# Looking for recommendations on good SBD-5 kit



## VBF-13 (Mar 15, 2013)

Hey cadets, 

I did a title-only search through the archives and got two hits. In the first the guy said the model was a dog and in the second that guy didn't mention the name of the kit although the model looked fantastic. This is what I'm wanting to do with my nephew (photo). If you guys could give us some recommendations on a good kit, that would be great. Thanks!


----------



## meatloaf109 (Mar 15, 2013)

Accurate Miniatures, if you can find it.


----------



## VBF-13 (Mar 15, 2013)

I'll Google it right now, thanks!


----------



## VBF-13 (Mar 15, 2013)

OK, I didn't know Accurate Miniatures was a manufacturer. Turns out those are the two threads I found in the archives. The dog was the 2009 kit and the fantastic one was the 2011 kit. Wikipedia says the manufacturer had problems, but now they got it together. I can't find an SBD-5 by them. Airfix has a 1:72 scale of the SBD-3/5, and it's on back order. I don't know, that seems pretty small. I found a 1:48 scale Italeri model of the SBD-5 and that's in stock but the decals look funny on it. This isn't as easy as I thought.

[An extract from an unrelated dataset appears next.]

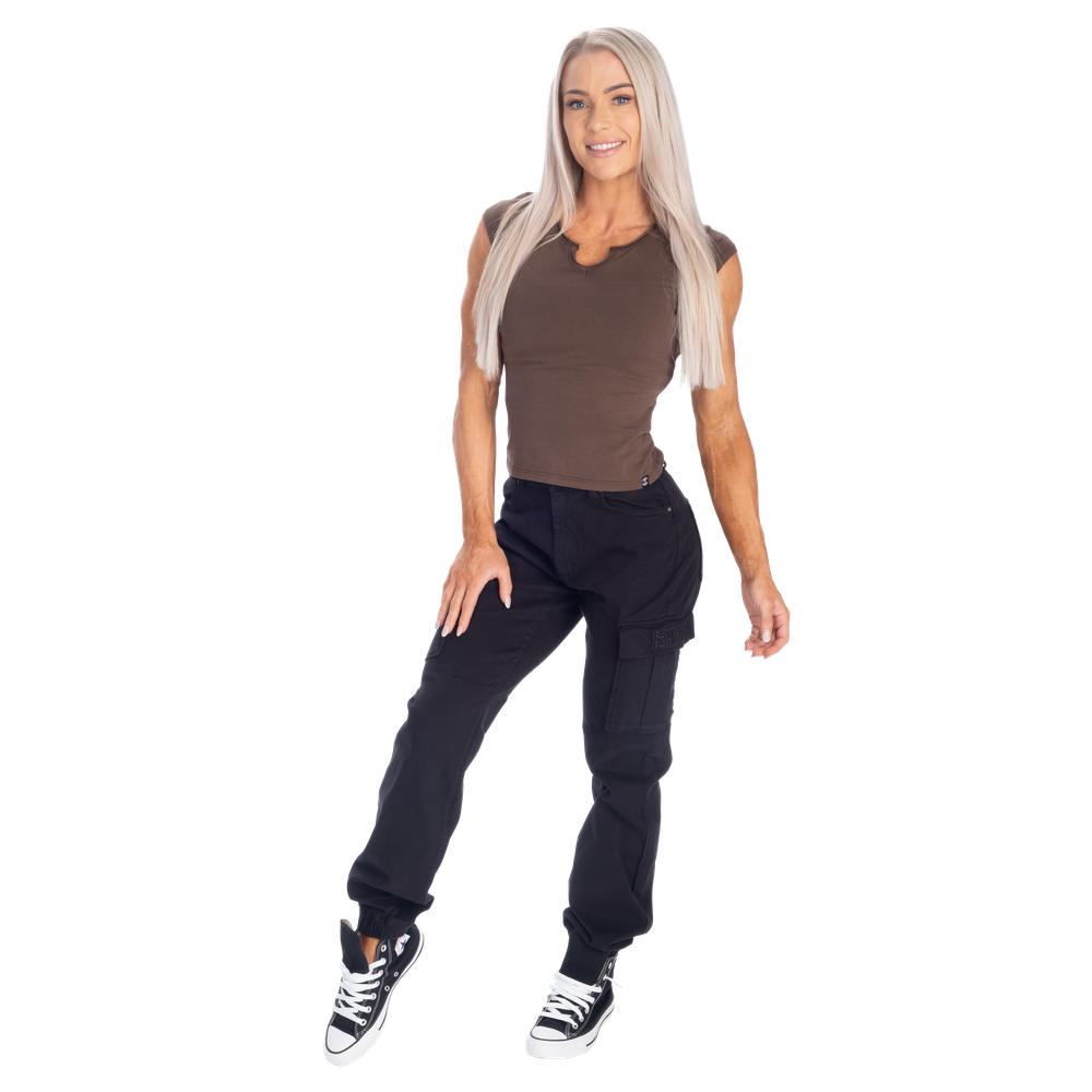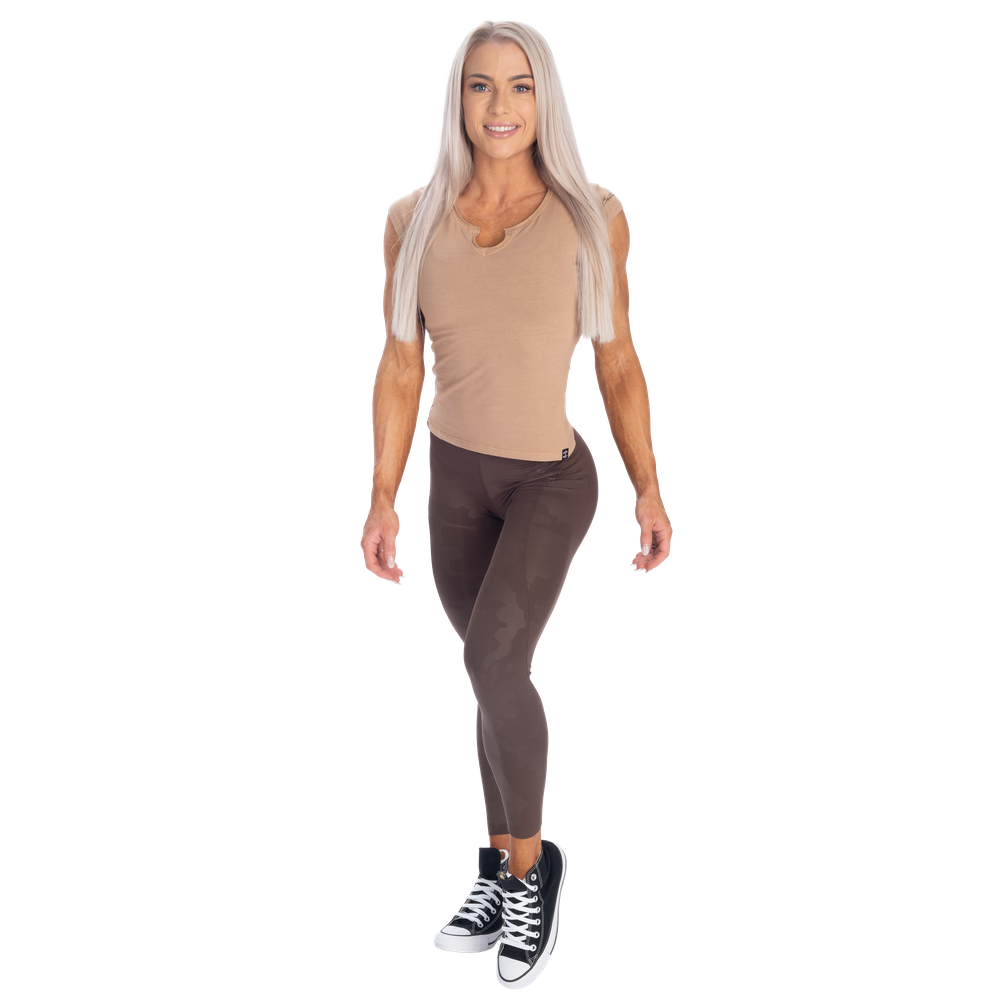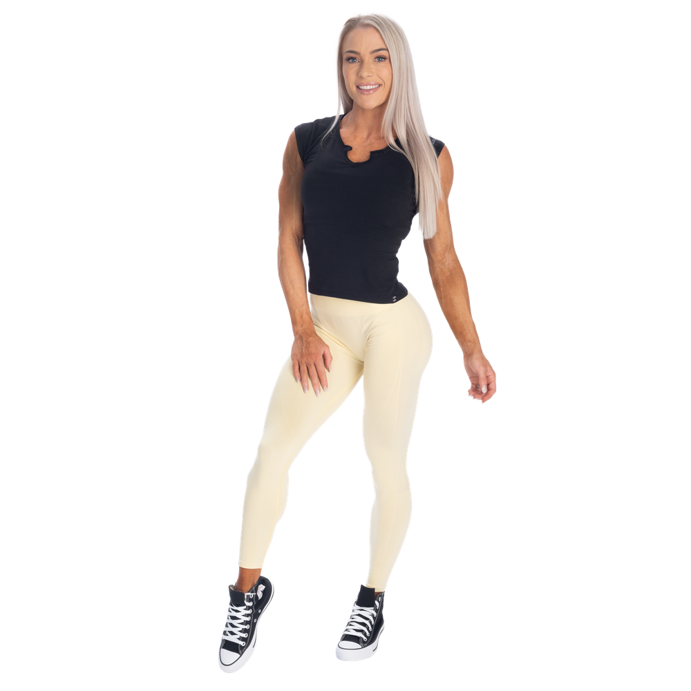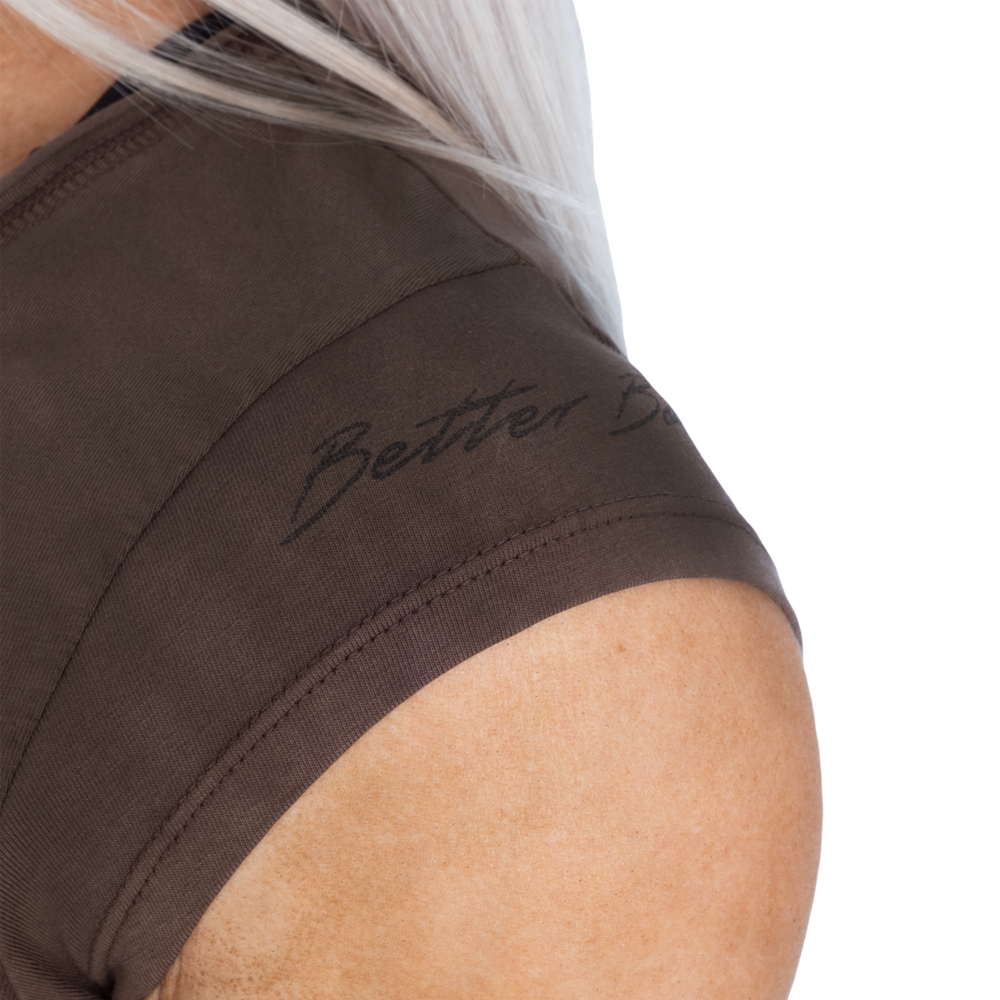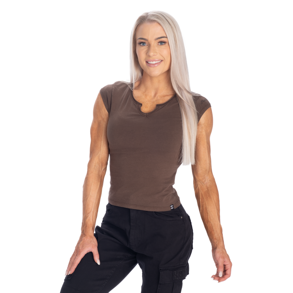 スリムフィットとセミクロップド丈で毎日のスタイルを美しく演出します。ネックラインの小さなV字ディテールとキャップスリーブが個性をプラス。袖のさりげないプリントがベターボディーズのアティチュード自信に満ち、力強く、ありのままの自分を表現しています。

EDIT: On the Italeri, I didn't see the decal sheet, just the box drawing. The decal sheet has the right ones. But how do we make the 19 and the M-S? Any ideas? There's a bigger 19 on the tail of this one, too (cut-off in the photo). Thanks.


----------



## Airframes (Mar 16, 2013)

I'm not 100% sure, but I think the Italeri kit is a re-boxing of the Accurate Miniatures kit. Strange that someone considered the first release a 'dog', as it got excellent reviews - but then, some people expect the kits to be accurate down to the last rivet, and full of photo-etched and resin parts, which, if they tried, they could make themselves.
Have a look at Squadron or Hannant's for after-market decal sheets, not necessarily for this kit or even a Dauntless - there are, for example, decal sheets covering various code letter and number styles and colours. I'm fairly sure you'll find what you need.


----------



## VBF-13 (Mar 16, 2013)

Thanks, that's a big help. On that 2009 kit from the archives, I remember he said one of the obvious inaccuracies was in the dive brake perforations, they were just randomly bored in there, any which way (paraphrasing him). The Italeri kit does look good. We're still looking around, and I'll check the others you mentioned, too. Really looking forward to this, and getting my little brat (affectionately speaking, of course, lol) nephew involved.


----------



## Airframes (Mar 16, 2013)

Hope you get it sorted - let us know how you get on.


----------



## VBF-13 (Mar 16, 2013)

Sure will. We're planning this on his Spring Break.


----------



## Airframes (Mar 16, 2013)

If you can't find what you want, then the old Monogram/Revell 1/48th scale kit is still good. Not as detailed as the AM kit, and perhaps a little basic by today's standards, and with some 'gimmicks' such as retracting landing gear and dropping bomb, but can be made into a neat model 'from the box', or add extra detail. 
It'll also have the advantage of being easier for a youngster to work with (and he might like the working parts too), as AM kits can be a little complex for beginners, due to their high level of detail and accuracy.


----------



## meatloaf109 (Mar 16, 2013)

Definitely, if it is for a kid to work on, the Revell/ Monogram is the way to go!
I built one not too long ago, just for nostalga sake.


----------



## VBF-13 (Mar 16, 2013)

You guys, I think that's the ticket. Glue and decals and we're ready to go. I think as beginners we are in a little over our heads in this Italeri model. Thanks.


----------



## Wayne Little (Mar 17, 2013)

Yeah, start with something easier and cheaper then move on up to the better kits...


----------



## Lucky13 (Mar 17, 2013)

Come to think of it, how about that old classic Matchbox 1/32 SBD-5?


----------



## Airframes (Mar 17, 2013)

Rare as rocking horse poo and costs a fortune if found, old chap.


----------



## Lucky13 (Mar 18, 2013)

Just put 'Dauntless 1/32' in the search on ebay, 105 hits, there's a few Matchbox there, forgot that Trumpeter did the Dauntless and I can imagine that those Revell ones are the old Matchbox, much like their 1/32 Lysander....


----------



## Airframes (Mar 18, 2013)

Yep, the Revell will be ex-Matchbox (didn't know they's released it). Maybe they aren't as rare as they used to be then. A nice kit, although with the 'chunky' smaller parts typical of 'Matchbox' in the 1970s, but I've seen some terrific builds using this kit.


----------



## Lucky13 (Mar 18, 2013)

Wonder if it's a 'straight out' Matchbox re-boxing, with raised panellines etc.?


----------



## VBF-13 (Mar 18, 2013)

Lucky13 said:


> Just put 'Dauntless 1/32' in the search on ebay, 105 hits, there's a few Matchbox there, forgot that Trumpeter did the Dauntless and I can imagine that those Revell ones are the old Matchbox, much like their 1/32 Lysander....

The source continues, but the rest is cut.